Should I turn off moderation? It would require me to implement some code for quick easy one-click removal of a comment when one gets through that I don’t like. I’m really not sure it’s worth the trouble.

Be Different · This site is different from all the other blogs, of course, in that I wrote the software and it only runs here. So a spammer who figured out a route into my comments would only have one site to attack; the rewards for subverting WordPress or Blogger are way higher.

It’s different in a subtler way. There’s no comment form at the bottom of the entries; just a link that invites you to click on it to make a contribution. A minor barrier for a spambot, but my feeling is that a succession of minor barriers is the best way to fight back. The economics of spam are such that everything you do to make your target a little more complicated and less soft discourages a certain proportion of the bad guys.

Having looked at WordPress a bit, I suspect that it wouldn’t be too hard to introduce a lot of simple, maybe random, variation in the way that any given blog asks for comments. Which might help.

Be Human · The single best way to defeat the economics of spam is to make it non-free. The best way I know of to do that is to force a human to get involved. This is the purpose of the Captchas you see on so many comment sites.

My approach is simpler. If you try to comment and ongoing hasn’t seen you before, it’ll ask you to answer a simple question that I think almost every real English-speaking human should be able to handle. Here are a few random examples taken from the just over 200 I cooked up:

  • Is France a city or nation?

  • How many sides has a square?

  • Which word is longer, alphabet or box?

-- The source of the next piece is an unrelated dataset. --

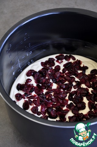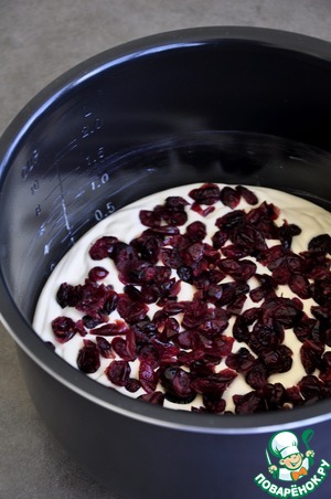 Смазать чашу мультиварки сливочным маслом, вылить половину творожной массы, выложить клюкву.
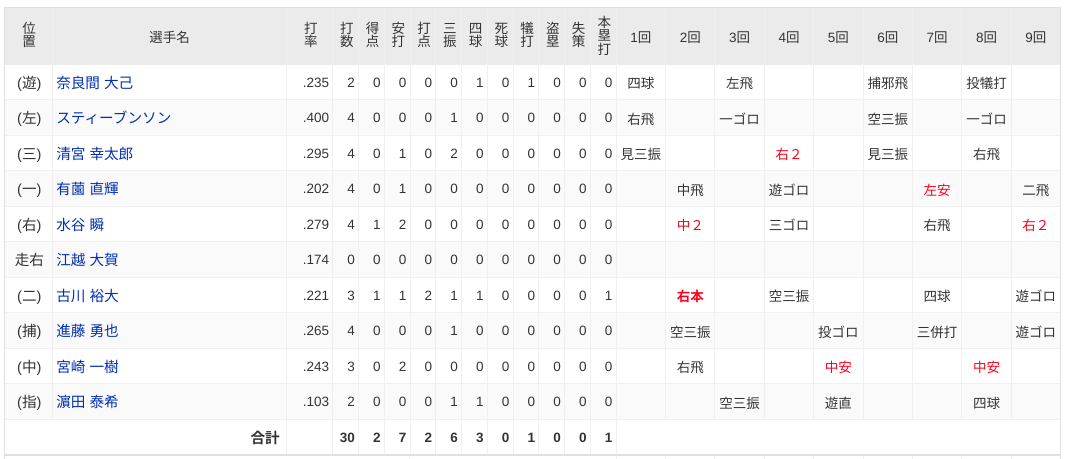 福島は今日の投球内容を見ても、まだまだ一軍の先発投手としては課題が残る感じなので、しばらく鎌ケ谷でレベルアップを図ってほしいかな。

It turns out this is overkill. Joe Gregorio just asks prospective commenters to include a single hard-wired string which he helpfully provides in an explanation right there on the comment form. Maybe I’ll go to something simpler too.

Be Sneaky · If the comment system here decides you’re a spammer (you try to post too often, you fail the “any-human-should-know-this” test), it takes evasive action by pretending it’s had an enterprisey-sounding programming error. Here are some of the messages you might see:

  • Error: Document pre-parse replicator unavailable; exiting.

  • Error: Module synchronization initializer terminated; exiting.

  • Error: File marshalling responder invalid; exiting.

It’s a simple random-phrase generator. Some of the messages verge on haiku; go refresh www.tbray.org/atompub/ouch a few times to savor the flavor.

To protect the guilty, I won’t name the correspondents who’ve written me with detailed instructions on how to fix my Rails routing or Spring configuration to make the problem go away.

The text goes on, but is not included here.